YOUR TASK: For this exercise, output the entries below exactly from the line that holds "STEP 5. Mix" to the line that holds "在西区体育足球场,学院隆重举", both ends included. No pictures belong in the copy.

EXTRACTED DATA:
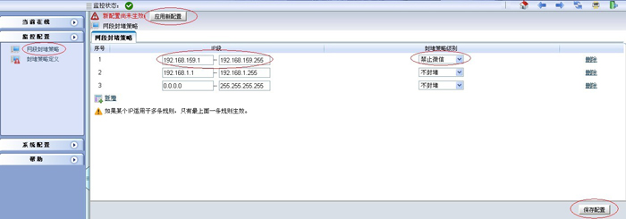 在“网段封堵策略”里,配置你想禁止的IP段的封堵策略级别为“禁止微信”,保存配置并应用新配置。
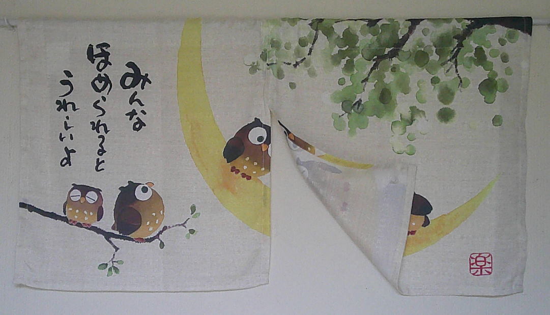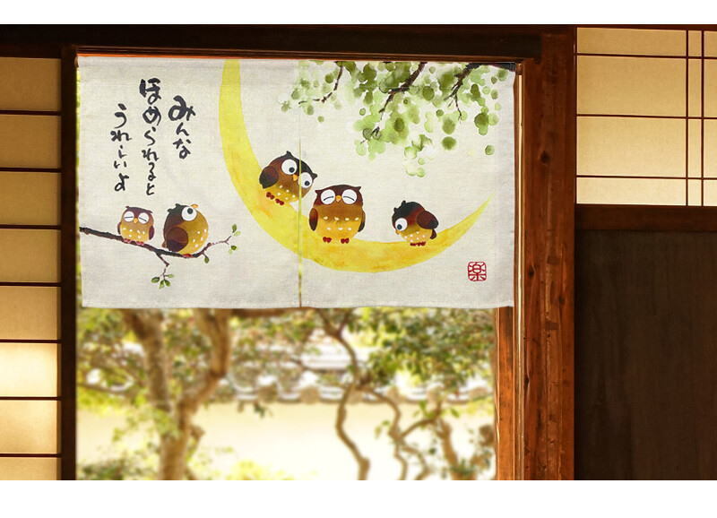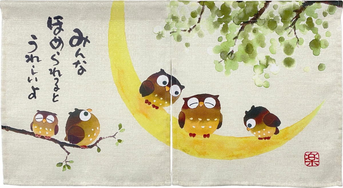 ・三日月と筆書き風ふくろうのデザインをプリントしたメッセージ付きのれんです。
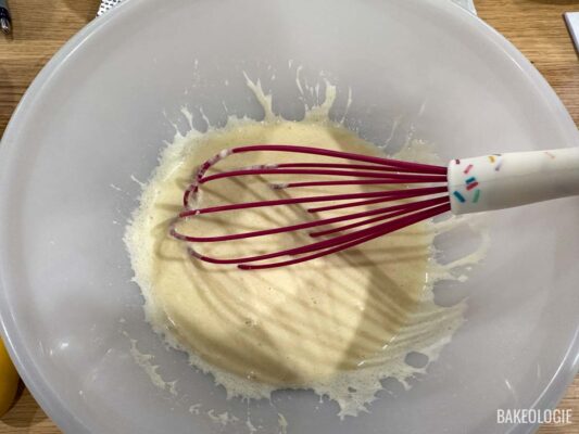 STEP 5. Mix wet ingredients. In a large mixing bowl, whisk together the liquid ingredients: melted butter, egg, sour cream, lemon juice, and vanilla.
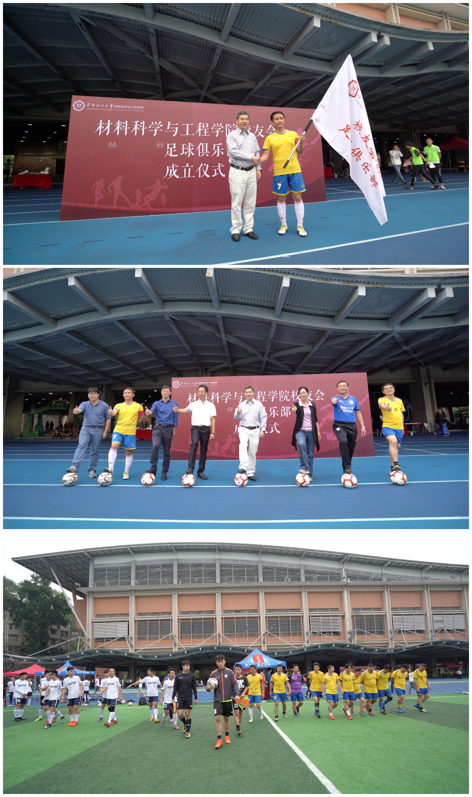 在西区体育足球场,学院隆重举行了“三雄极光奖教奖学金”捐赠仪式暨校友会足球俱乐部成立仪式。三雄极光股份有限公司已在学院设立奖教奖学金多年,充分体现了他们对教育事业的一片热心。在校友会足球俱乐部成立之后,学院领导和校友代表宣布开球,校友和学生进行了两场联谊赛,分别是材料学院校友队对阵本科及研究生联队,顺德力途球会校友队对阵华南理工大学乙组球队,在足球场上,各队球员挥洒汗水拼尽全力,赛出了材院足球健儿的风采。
==
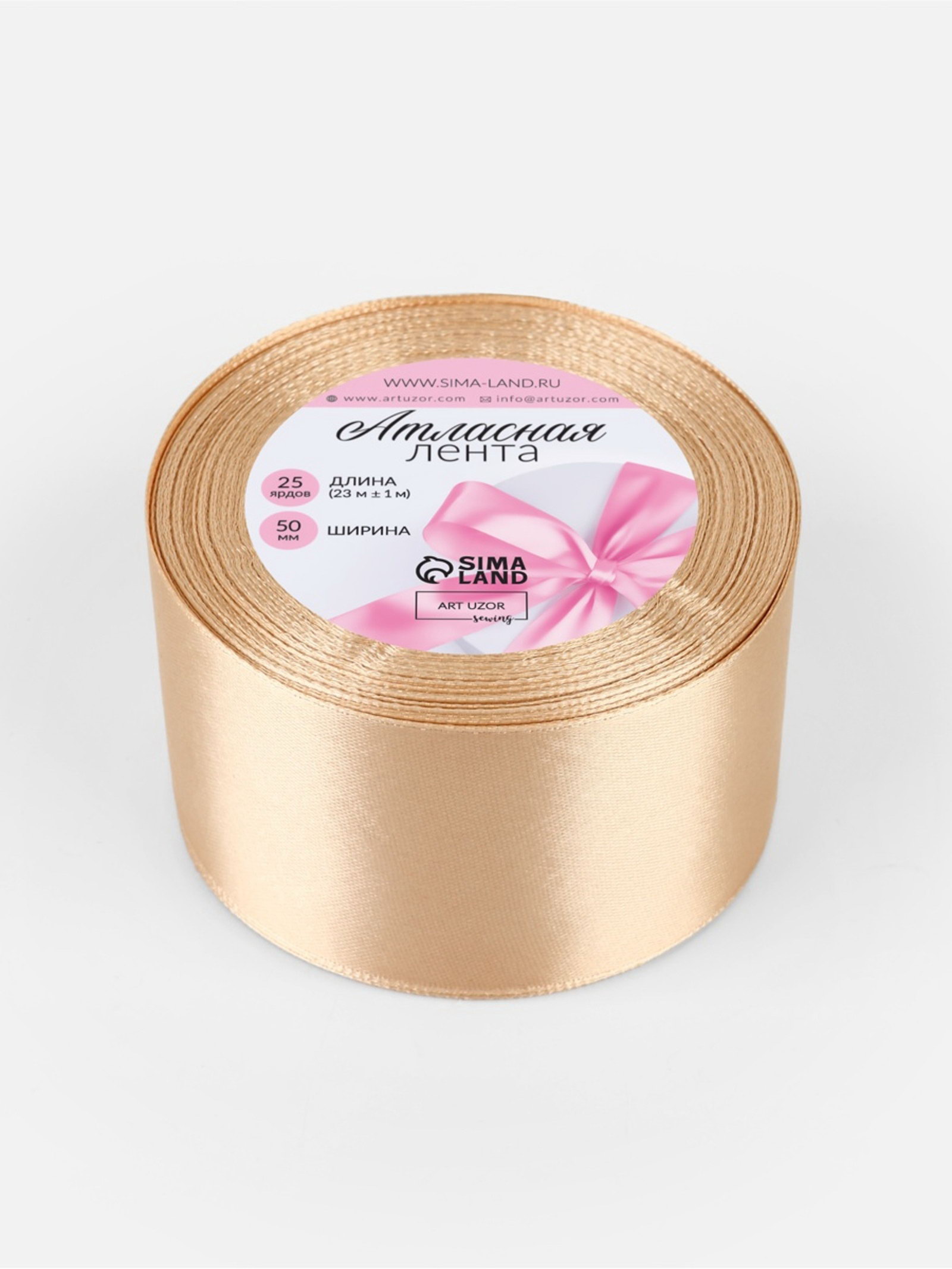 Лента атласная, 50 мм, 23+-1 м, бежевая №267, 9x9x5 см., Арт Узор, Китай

RESULT OF THIS EXERCISE:
 STEP 5. Mix wet ingredients. In a large mixing bowl, whisk together the liquid ingredients: melted butter, egg, sour cream, lemon juice, and vanilla.
 在西区体育足球场,学院隆重举行了“三雄极光奖教奖学金”捐赠仪式暨校友会足球俱乐部成立仪式。三雄极光股份有限公司已在学院设立奖教奖学金多年,充分体现了他们对教育事业的一片热心。在校友会足球俱乐部成立之后,学院领导和校友代表宣布开球,校友和学生进行了两场联谊赛,分别是材料学院校友队对阵本科及研究生联队,顺德力途球会校友队对阵华南理工大学乙组球队,在足球场上,各队球员挥洒汗水拼尽全力,赛出了材院足球健儿的风采。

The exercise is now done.